Литмир - Электронная Библиотека
A
A

Вполне понятно, что все эти мысли пришли мне, пока я летел сломя голову к магазину. Но как я ни мчался закоулками и огородами напрямик, в магазин вошел лишь после Темы и Ляльки, правда, к основному действию все-таки успел.

Здесь уже было полно девчат. Слышались недовольные голоса: «Есть ли колготки?» — «Да кто вам сказал?» — «Никогда тут ничего путного не купишь!» Из-за толпы девчонок я даже не определил: увидела ли меня Лялька? Но ее-то, а главное — Тему я очень даже хорошо видел.

Тема мгновенно понял, что его здесь ждут, и тут же оценил всю расстановку сил, главное, рассмотрел незнакомца — круглоголового коренастого мужчину, стоявшего у прилавка. Тема хотел было быстренько повернуть к выходу, но его уже увидела продавщица Даша.
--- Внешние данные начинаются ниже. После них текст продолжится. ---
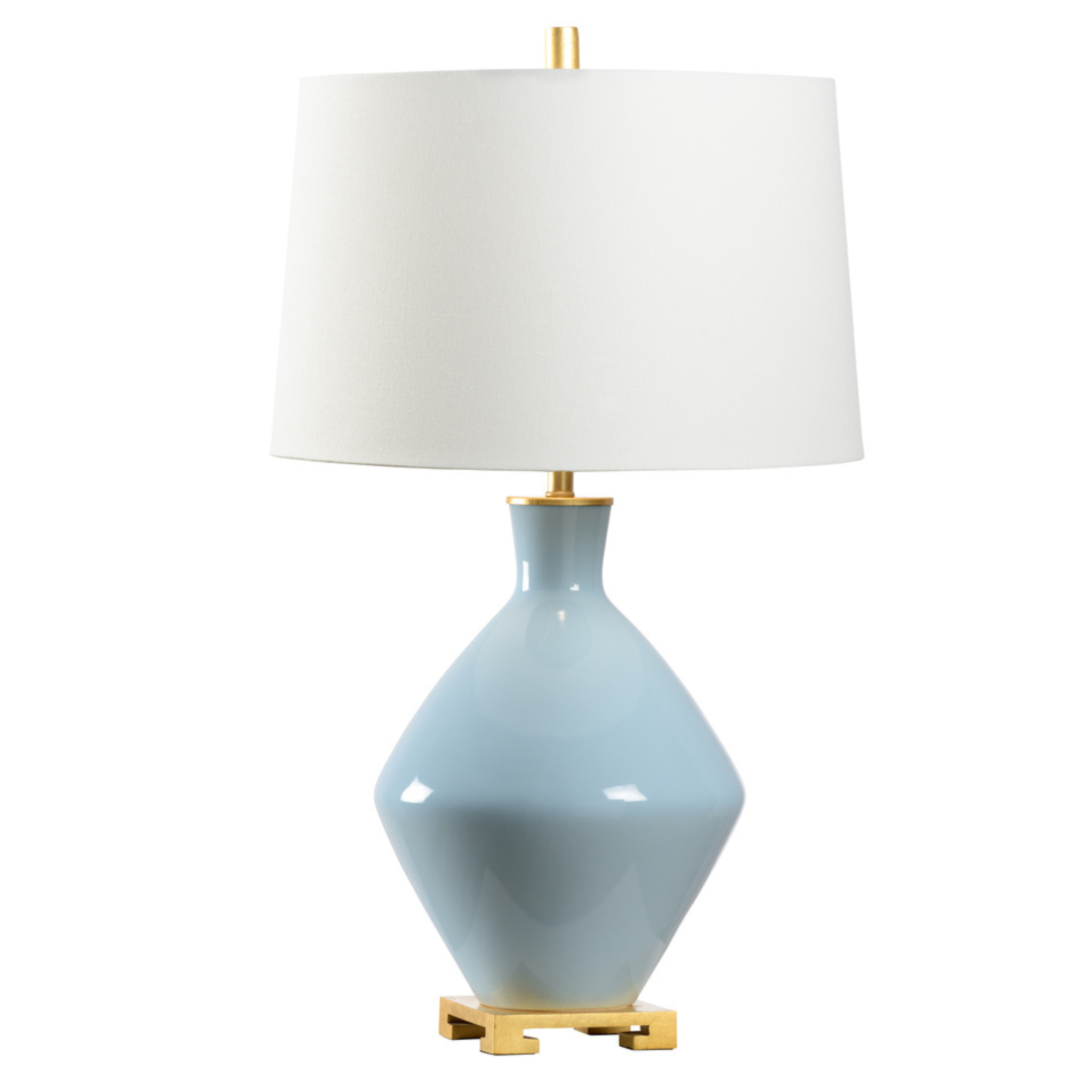 Introducing the Skylar Ceramic Lamp in Sky Blue. This lamp boasts a stunning sky blue glaze on its ceramic base, elevating any space with its charming color. The antique gold leaf mounting adds a touch of luxury, making it the perfect addition to your sophisticated home decor.

— Товарищ Чернов! Товарищ Чернов! — крикнула она. — Пожалуйста, проходите! Вот ваши рубашки!

Я просто рот разинул, настолько быстро Тема из перепуганного зайца снова превратился в грозного льва, значительного и неуязвимого. Неторопливо протиснувшись к прилавку, он взял сверток, который протянула ему Даша, небрежно спросил:

— Сколько с меня?

Даша назвала сумму, Тема расплатился, и только после этого Атаманов показал ему свое удостоверение.

— Коллега? — с великолепной выдержкой несколько удивленным тоном спросил Тема. — Ну так здесь все в порядке, — добавил он, — я уже проверил…

— Тогда у нас, наверное, есть о чем поговорить? — спросил Атаманов.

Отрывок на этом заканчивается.